Закончив с погрузкой, мы поехали к морю. Лишь подъезжая к дому Северина, Густав не выдержал и прервал молчание.
— У меня дурные предчувствия. Боюсь, плохо все кончится. Мне приснился сон — странный и страшный. Снилось, что я какой-то осьминог, живущий в раковине. Плаваю себе в море и тут…
Его рассказ прервал пронзительный визг. Словно из лоскутьев тумана перед грузовиком возникла госпожа Феликс.
— Проклятье! — Густав ударил по тормозам.

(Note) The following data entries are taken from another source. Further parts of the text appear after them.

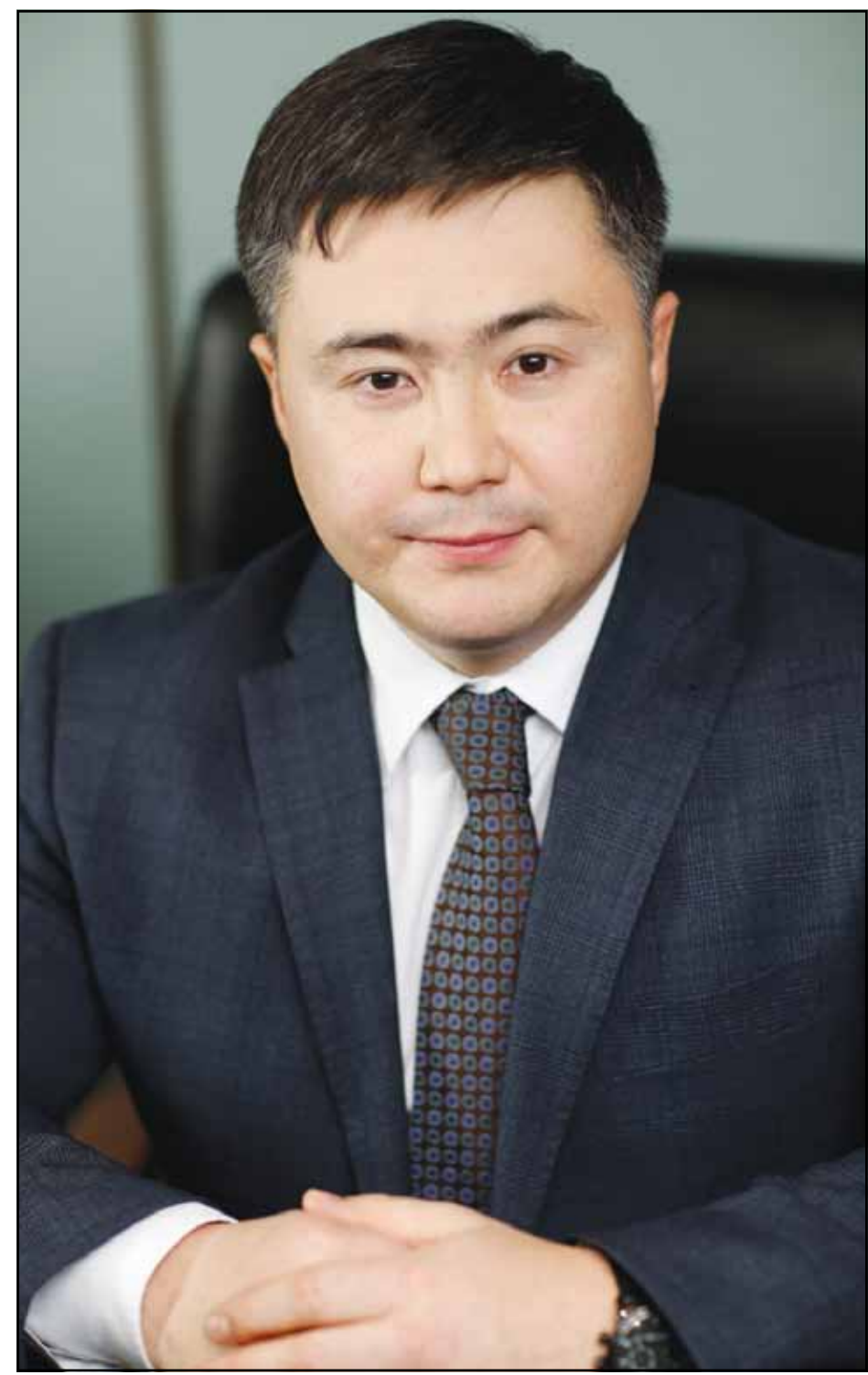
Тимур Сулейменов, министр по экономике и финансовой политике Евразийской экономической комиссии

— По алкоголю также нам было легче работать на три страны, потому что у нас сопоставимое экономическое развитие, располагаемые доходы и, соответственно, мы умеем друг с другом договариваться. По Армении и Казахстана несколько сложнее ситуация. Для них этот процесс новый, это дополнительные обязательства, но и экономическая ситуация там несколько более сложная, с такой же скоростью выравнивать акцизы они боится. Но мы проводим консултации, договорились, что на уровне пяти вице-премьеров будет отдельное совещание, щелчком и полностью посвященное этому вопросу.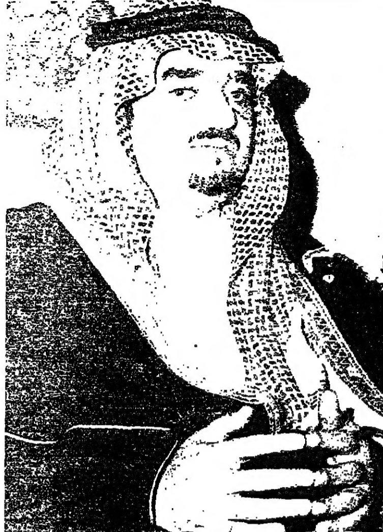
الامير فهد ويسام فرجه اسماء الحبيب

وكما اتنا مستعدون للمساهمة في بناء احتياطي النفط لضمان مستقبل الصناعة والحضارة في الولايات المتحدة ، فالطلب من اميركا ان تساهم في ضمان مستقبل بلادنا ورفع مستواها عن طريق التعمد مشاريع الانشاء والتطوير ، وتحريك الشركات الاميركية باتجاه هذا الهدف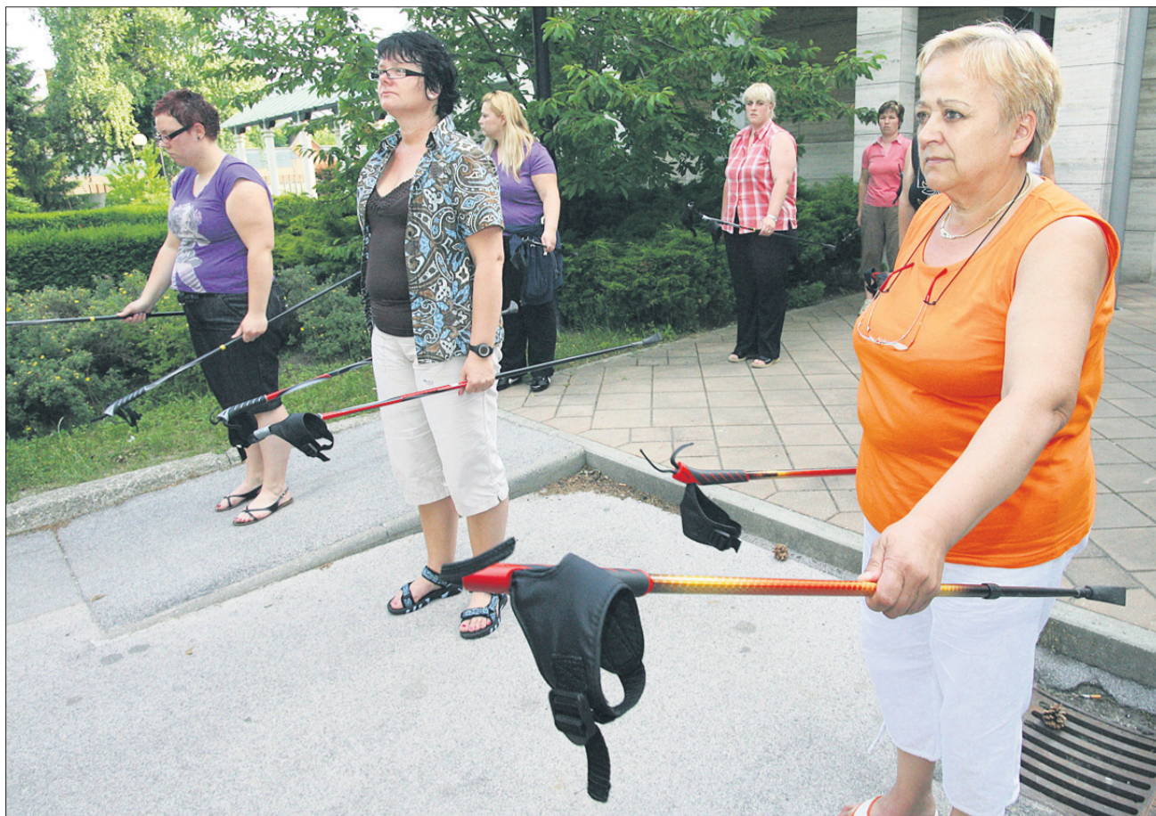
Med aktivnostmi ob svetovnem dnevu zdravja bodo v Celju, Laškem in Slovenskih Konjicah tudi prikazi nordijske hoje. Udeleženci naše akcije Hujšajmo z NT&RC so se hoje s palicami takole lotili maja lani.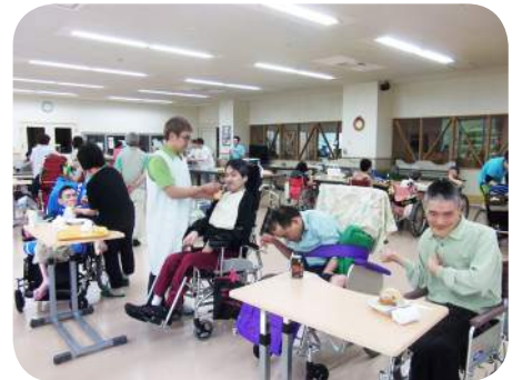
皆で美味しくいただきました♪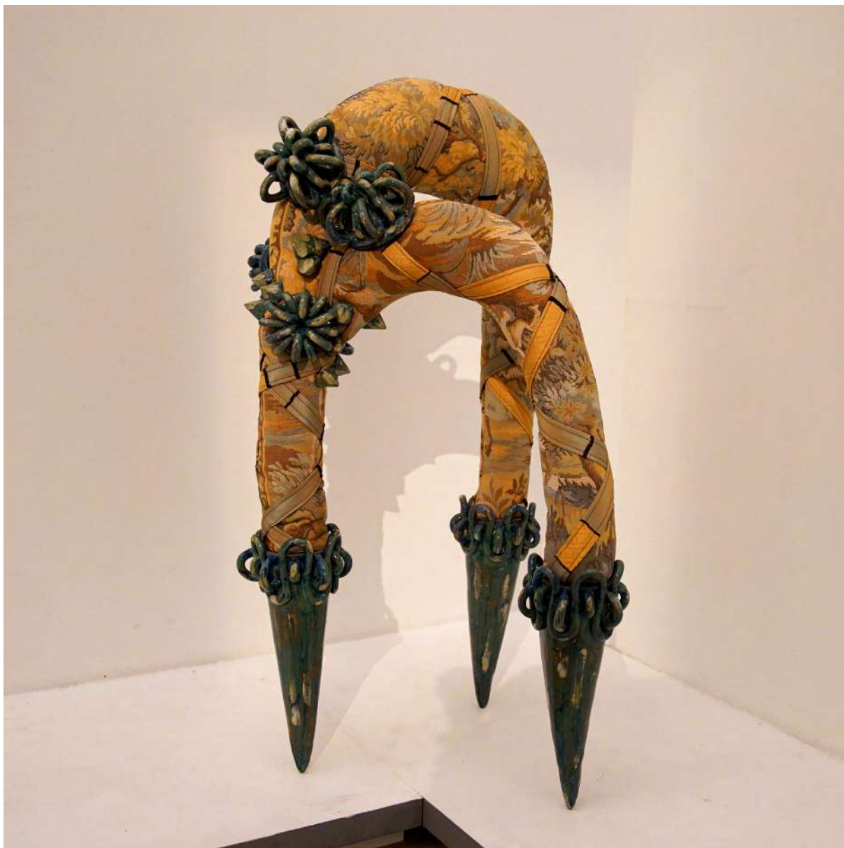
Les ferrêts d'iris 2021 grès émaillé, tappiserie cousue, rembourrage, tissu 60x60x116 cm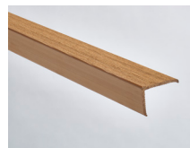
Canela - 163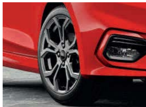
■ ST-Line Stoßfänger vorn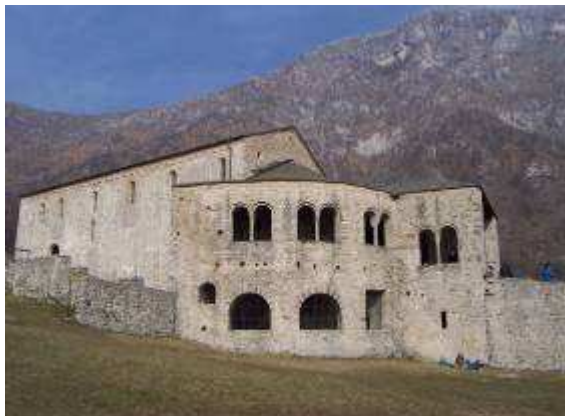
S. PIETRO AL MONTE

Il settore "Eremo" è stato il primo ad essere esplorato in chiave boulder, nell'ormai lontano autunno del 2002, dai ragazzi di freaklimbing.net . Anche se è il settore più lontano merita di essere visitato ed eventualmente si può unire anche un'arrampicata al settore "Solarium" che dista solo 10min. di cammino in piano dalla chiesa di S.Pietro al Monte(vedi topos). Consiglio vivamente a tutti una breve visita al complesso monastico di S.Pietro, un gioiello di architettura e arte romanica risalente al XI sec.D.C. , un po' di cultura non ha mai ucciso nessuno! (qui sotto una breve descrizione) Questo settore è molto adatto nelle mezze stagioni , infatti è costantemente in ombra e si riesce ad arrampicare anche fino a giugno, nelle giornate più calde però tende essere un po' troppo afoso a causa del bosco fitto. Generalmente il ruscello rimane molto

Машина резко остановилась, и тут же звонко пропел лопнувший трос.
— Проклятье!
Мы выскочили из кабины. Госпожа Феликс яростно лупила по грузовику зонтиком, за ее спиной заливался Лобо, но никто не обращал на них внимания. Все взгляды были прикованы к батисфере. Тяжелый шар медленно, с достоинством завалился на бок, а затем сорвался и покатился к дому Северина. Разогнавшись, батисфера снесла забор и с грохотом врезалась в груду камней. Я уставился на разбитый иллюминатор.
— Ну, вот и поплавали, — сказал Густав.
Мы осторожно подошли к батисфере. Сейчас она больше походила на голову исполинского водолаза, сраженного неведомым рыцарем. Из-под корпуса выползала струйка маслянистой жидкости.
В этот момент из дома выскочил Северин. Признаться, мне стало жутко от одного его вида. Лицо доктора перекосила страшная гримаса, волосы торчали во все стороны. Я попятился, залепетав нелепые оправдания. В воспаленных глазах доктора сверкнула злоба. Он бросился к камням и, упав на колени, принялся разгребать кучу под батисферой, крича про точную настройку и годы работы.
— Что-то случилось? — спросил я.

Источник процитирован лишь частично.